If you can imagine the potential of a system that uses artificial intelligence to turn LiDAR data into useful models—and gets better at that modeling as it goes—well, you’re not the only one. Civil Maps, who makes just a system, has just received $6.6 million in funding from investors like Modus Ventures, Ford Motor Company, and StartX Stanford.
Civil Maps’ particular brand of artificial intelligence modeling software is built on deep-learning technology. Essentially, instead of writing algorithms to recognize specific types of objects in sensor data, Civil Maps wrote a system that learns how to write optimal algorithms all by itself.
The company originally presented its deep-learning system at SPAR 2015, and it’s safe to say that in the intervening time, the system has taught itself to recognize objects in sensor data quickly and accurately.
These days, they’re using their AI modeling system to gather raw data from LiDAR, cameras, and other sensors in an autonomous car, and model it locally using processors onboard the vehicle. That model is, in turn, uploaded to a central data repository for distribution back to autonomous vehicles in the field. If you’re a science-fiction fan, think of it as a hive-mind.

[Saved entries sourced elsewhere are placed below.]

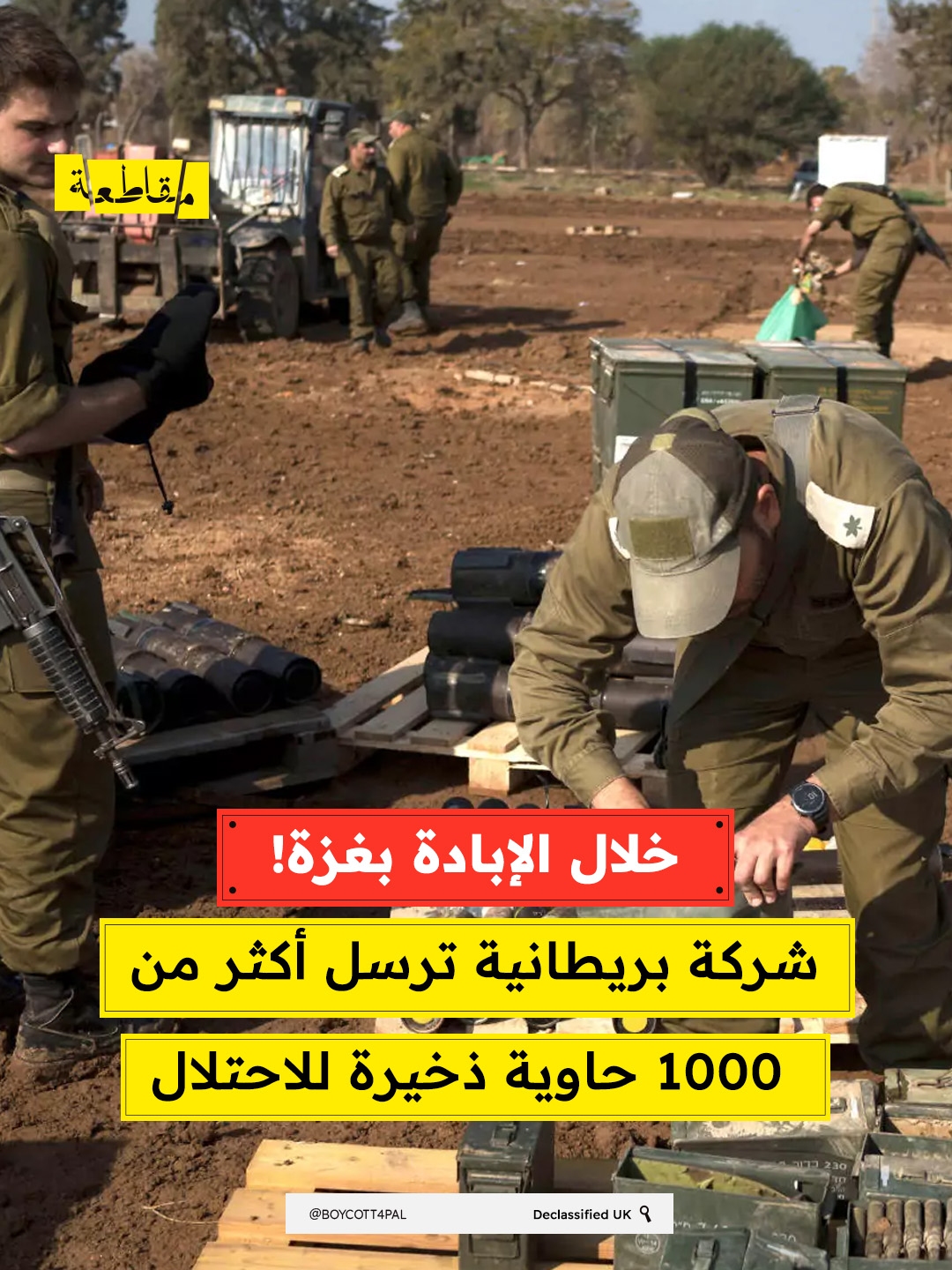 كشفت وثائق شحن اطلعت عليها حصريًا منصتا Declassified وThe Ditch عن قيام شركة بريطانية بإرسال أكثر من ألف حاوية ذخيرة إلى "إسرائيل"، وسط الإبادة في غزة، ما أثار تساؤلات حول فعالية الرقابة البريطانية على تصدير الأسلحة.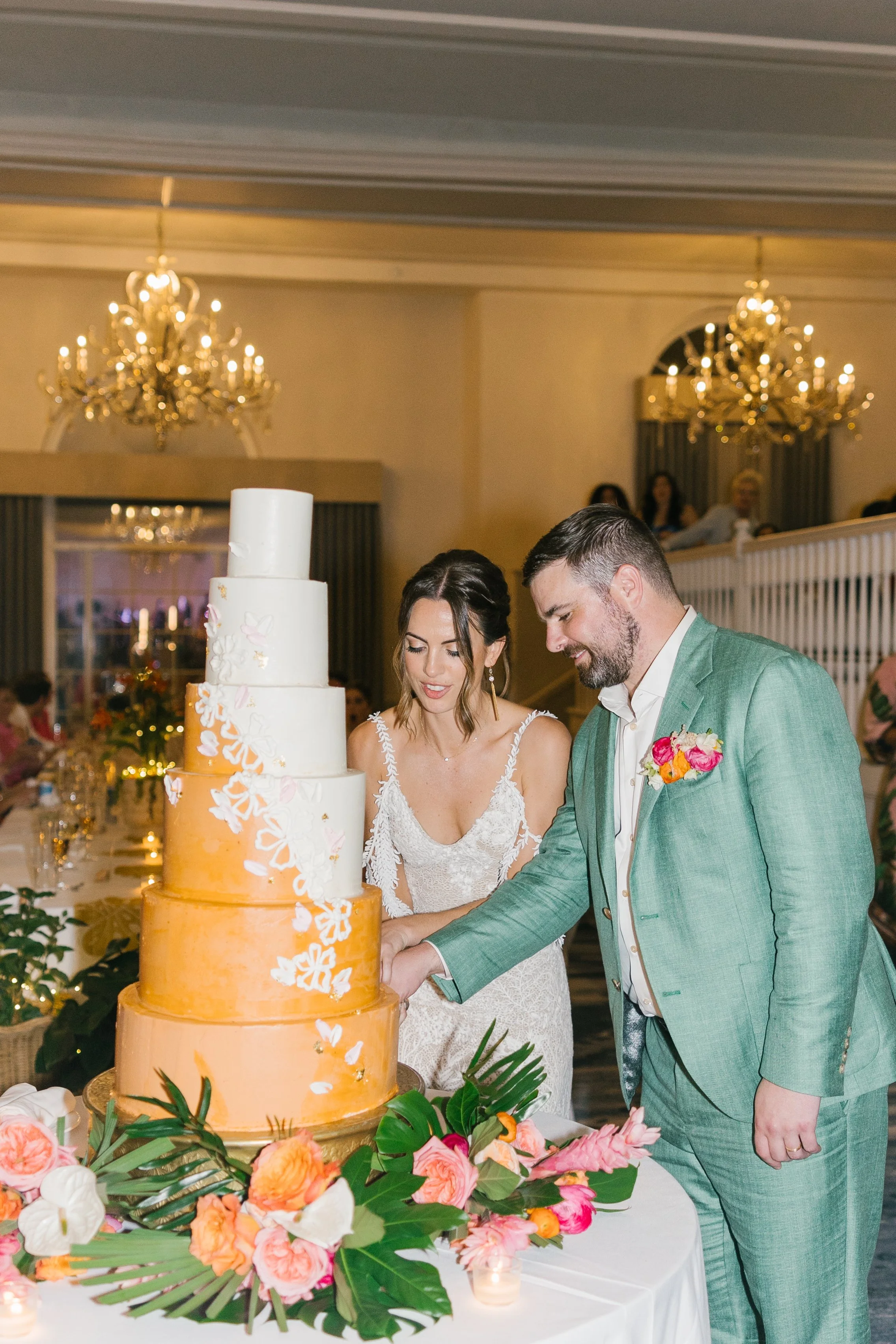 The ceremony took place in the garden space with the pink place as the backdrop. Following the ceremony, guests joined cocktail hour on the hotel veranda for breathtaking sunset views and live music. The dinner reception took place in the Grand Ballroom. Hand painted linens and shell embellised vases for tropical orochids dressed the tables and each guest was surprised to find a photo at their place setting of them with either the bride or the groom. The ballroom felt grand and intimate at the same time.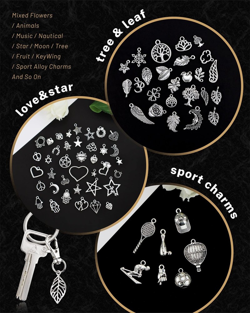 300 PCS Wholesale Bulk Lots Jewelry Making Charms Mixed Smooth Tibetan Silver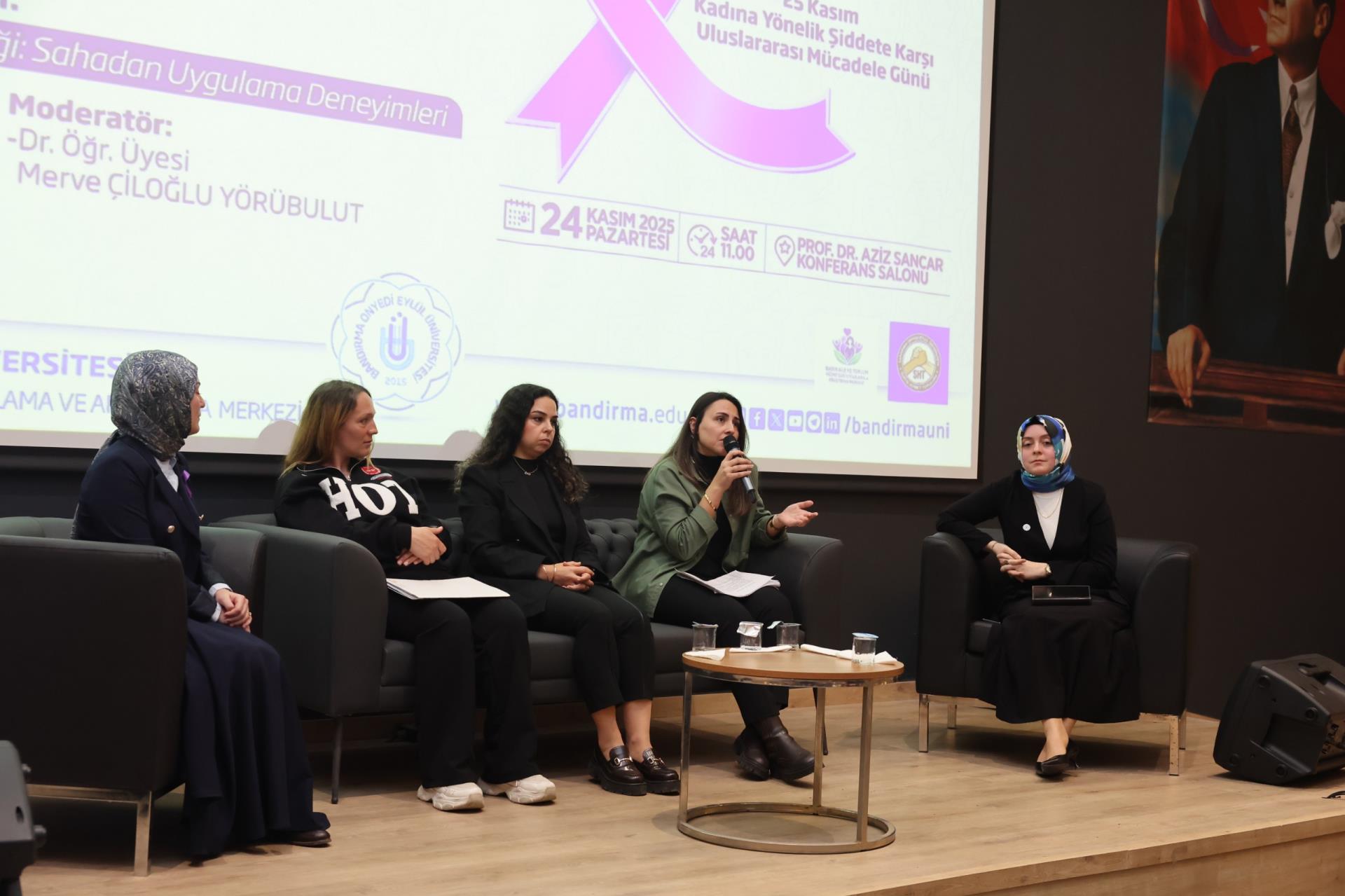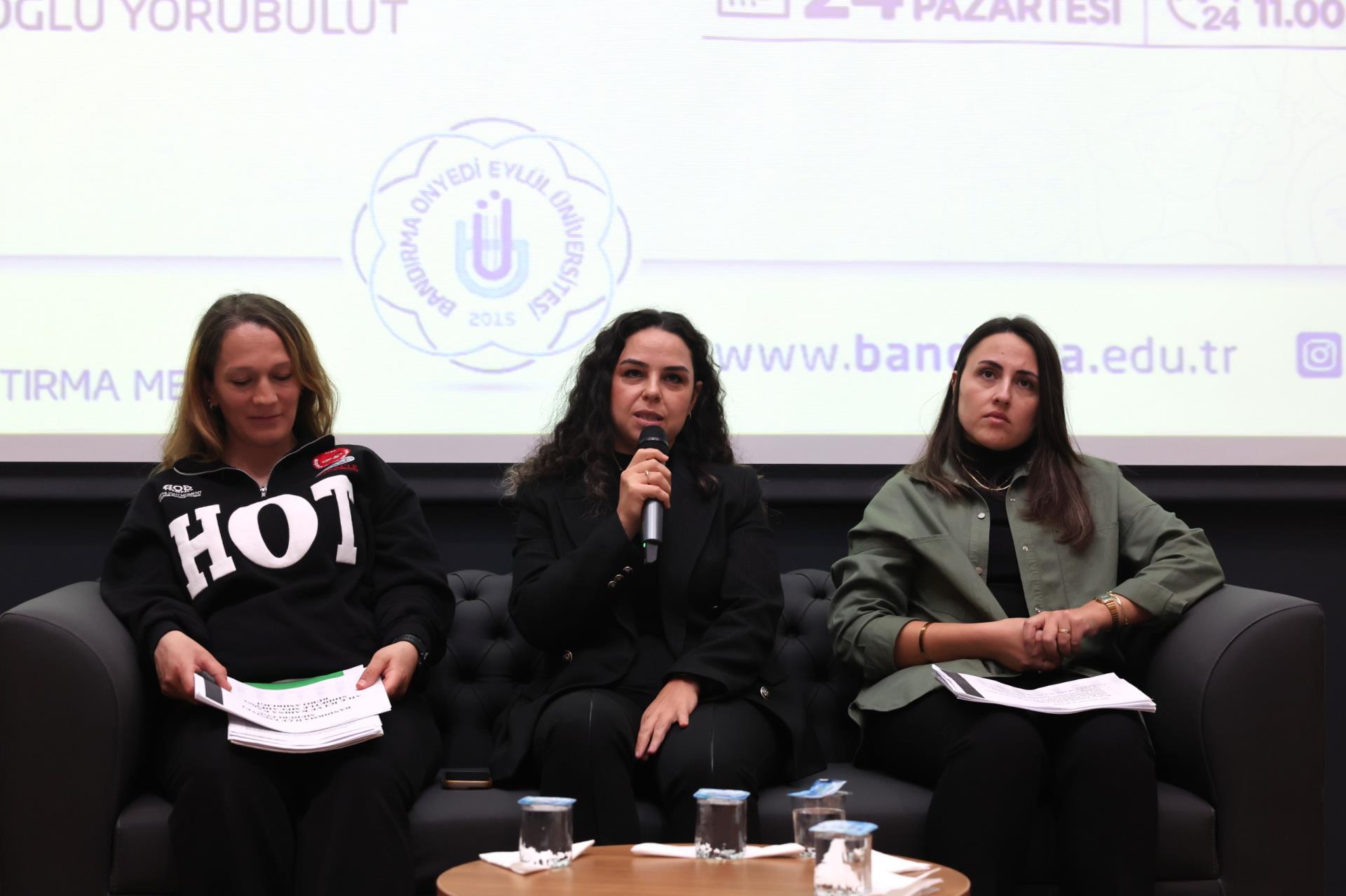 The panel opened with welcoming remarks delivered by BANÜ-KAT Director Assoc. Prof. Dr. Zeynep Aca. The first session, titled “Background of Violence: Sociological and Psychological Perspectives,” featured Sociologist Dr. Eda Kılıç and Clinical Psychologist Serra Ayaz as speakers, with Dr. Sinem Atay of the Faculty of Economics and Administrative Sciences serving as moderator. While Dr. Eda Kılıç addressed the sociological dimensions of violence, Clinical Psychologist Serra Ayaz examined its psychological impacts in a comprehensive manner. At the end of the session, certificates of appreciation were presented to the speakers by Sibel Boz, Prof. Dr. Serap Palaz Çakır, and Prof. Dr. Aybeniz Akdeniz Ar.

This system has a number of benefits, including “vastly more actionable information than today’s mapping systems” and maps of a much smaller size that require “a fraction of the data storage and transmission for existing technology.”
Civil Maps’ biggest coup, however, is that their technology allows for real-time crowdsourcing of maps. This is a “major improvement over the lengthy processes that require human annotation.” Using their solution, Civil Maps can offer a constantly updated map that is precise enough to give autonomous vehicles the ability to operate safely.
Any technology like this is only useful if it finds a place in a large number of vehicles. This is why funding from Ford Motor Company is undoubtedly good news for Civil Maps. What’s more, the company explains that they plan to “use the seed investment to accelerate product development and deployment with a number of leading automotive companies and technology partners.”
“Autonomous vehicles require a totally new kind of map,” said Civil Maps CEO Sravan Puttagunta, in a prepared statement. “Civil Maps’ scalable map generation process enables fully autonomous vehicles to drive like humans do – identifying on-road and off-road features even when they might be missing, deteriorated or hidden from view and letting a car know what it can expect along its route. We are honored to work with Ford and the rest of our investor team to pave the way for fully autonomous vehicles at continental scale.”